▶ Dataset records:
*** Block opens ***
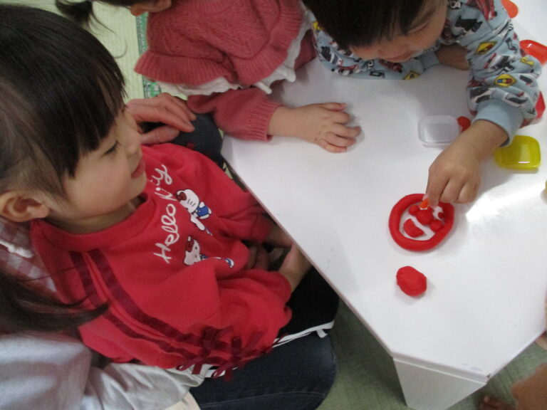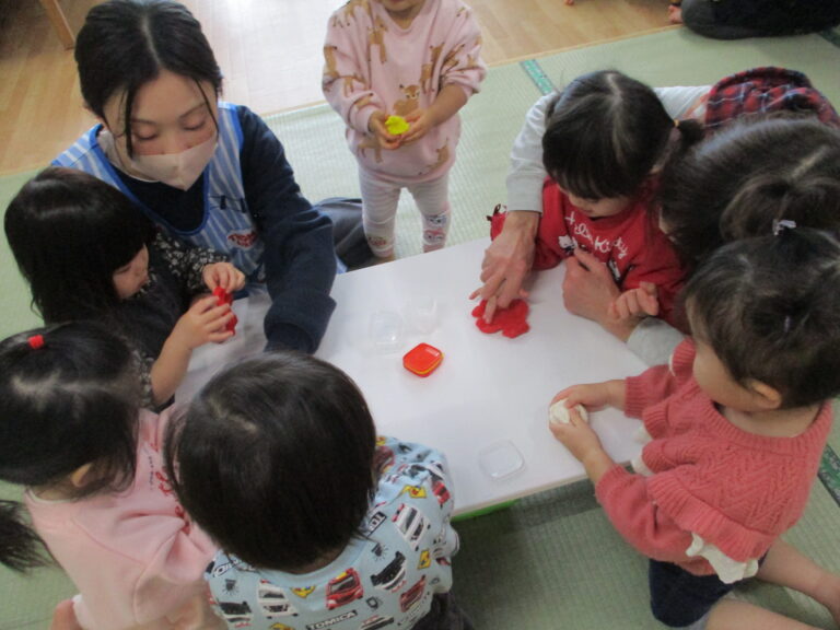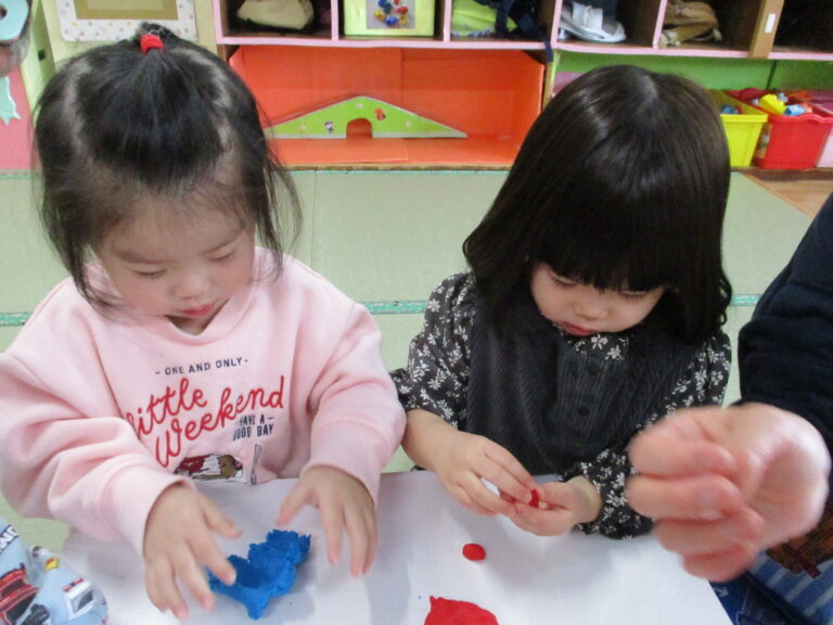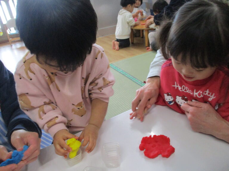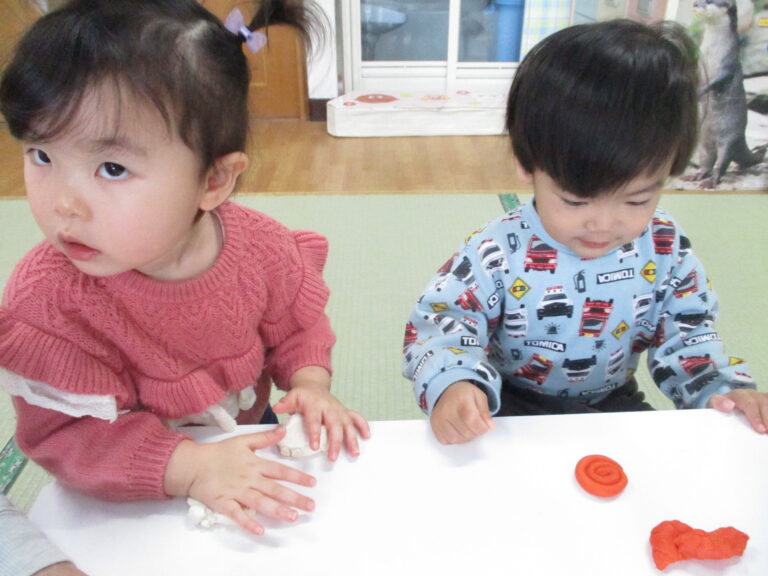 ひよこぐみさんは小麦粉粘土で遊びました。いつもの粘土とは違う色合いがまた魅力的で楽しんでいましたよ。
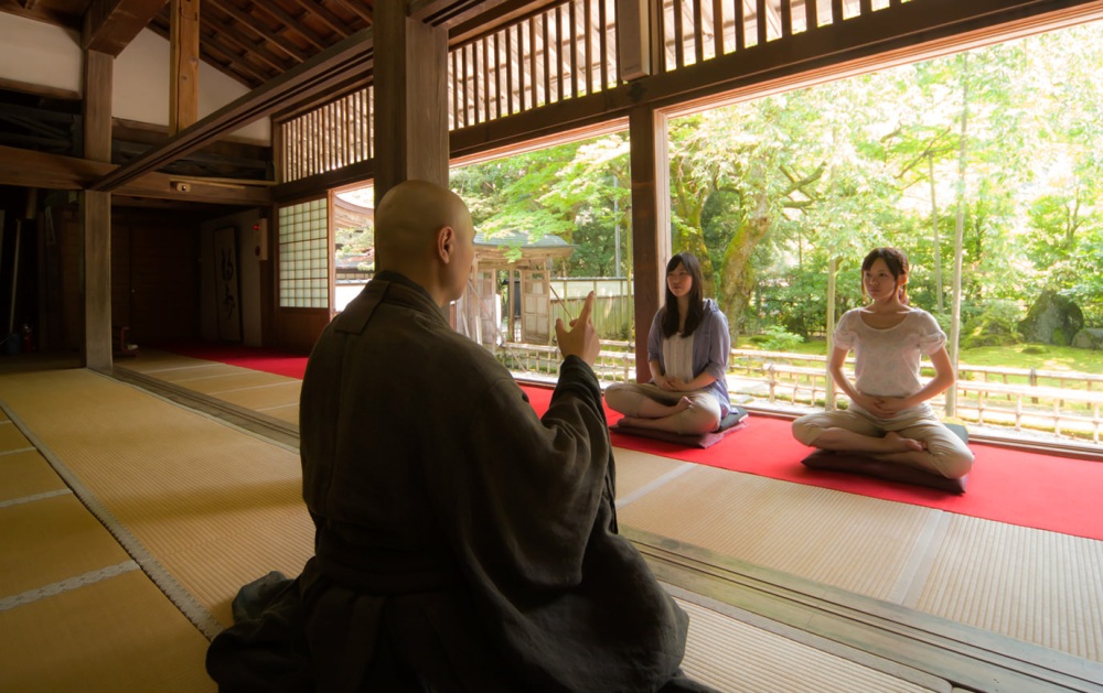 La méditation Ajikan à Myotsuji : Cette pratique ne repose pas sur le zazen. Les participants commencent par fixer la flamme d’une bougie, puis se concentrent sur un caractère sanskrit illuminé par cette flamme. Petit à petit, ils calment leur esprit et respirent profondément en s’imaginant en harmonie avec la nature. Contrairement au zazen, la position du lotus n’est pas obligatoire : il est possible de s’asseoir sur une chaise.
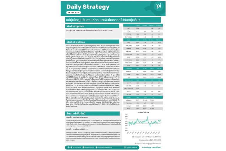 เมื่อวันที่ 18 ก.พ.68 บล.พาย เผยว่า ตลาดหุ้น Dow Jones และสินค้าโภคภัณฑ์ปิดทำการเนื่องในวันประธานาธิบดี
*** Block closes ***
*** Block opens ***
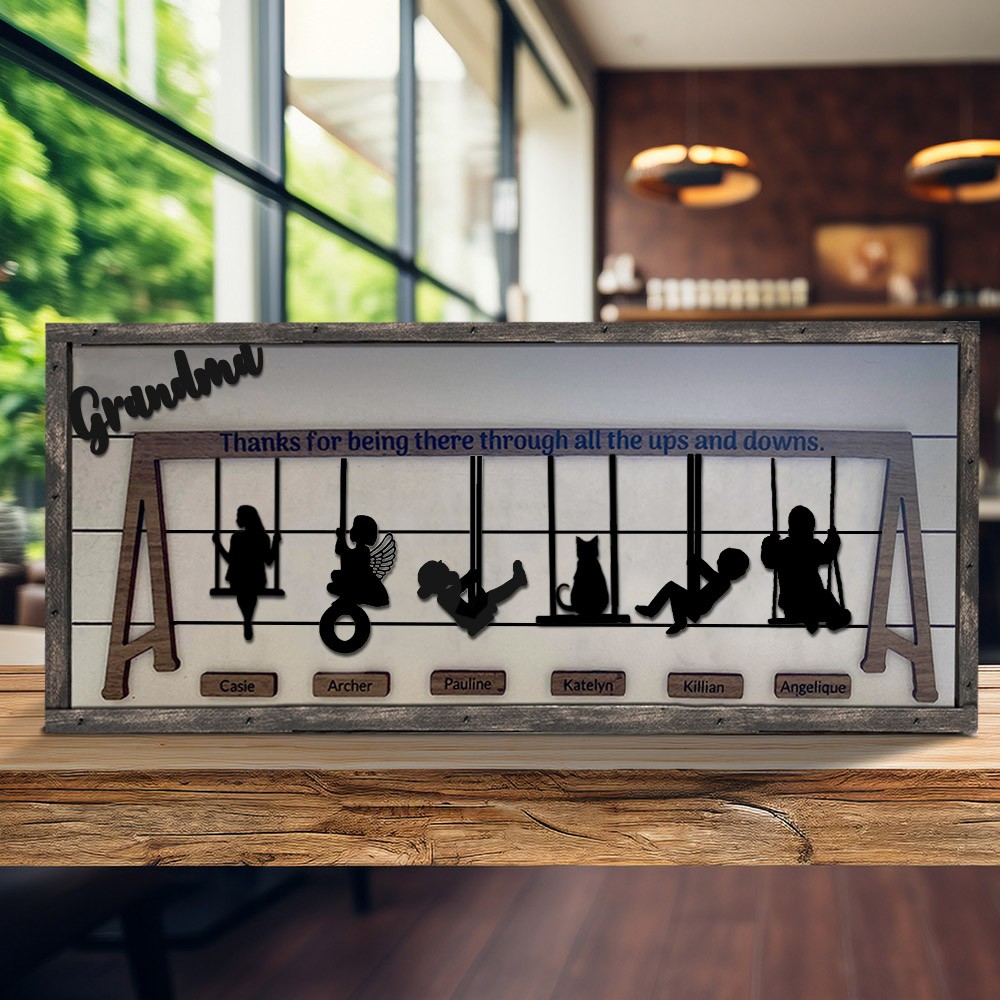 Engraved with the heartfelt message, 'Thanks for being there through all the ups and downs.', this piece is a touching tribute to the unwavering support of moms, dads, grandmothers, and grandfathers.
*** Block closes ***
▶ Exercise objective: What you write must match the listing exactly, from the line with "ひよこぐみさんは小麦粉粘土で" up to and including the line with "เมื่อวันที่ 18 ก.พ.68". Pictures stay out.

▶ Expected answer:
 ひよこぐみさんは小麦粉粘土で遊びました。いつもの粘土とは違う色合いがまた魅力的で楽しんでいましたよ。
 La méditation Ajikan à Myotsuji : Cette pratique ne repose pas sur le zazen. Les participants commencent par fixer la flamme d’une bougie, puis se concentrent sur un caractère sanskrit illuminé par cette flamme. Petit à petit, ils calment leur esprit et respirent profondément en s’imaginant en harmonie avec la nature. Contrairement au zazen, la position du lotus n’est pas obligatoire : il est possible de s’asseoir sur une chaise.
 เมื่อวันที่ 18 ก.พ.68 บล.พาย เผยว่า ตลาดหุ้น Dow Jones และสินค้าโภคภัณฑ์ปิดทำการเนื่องในวันประธานาธิบดี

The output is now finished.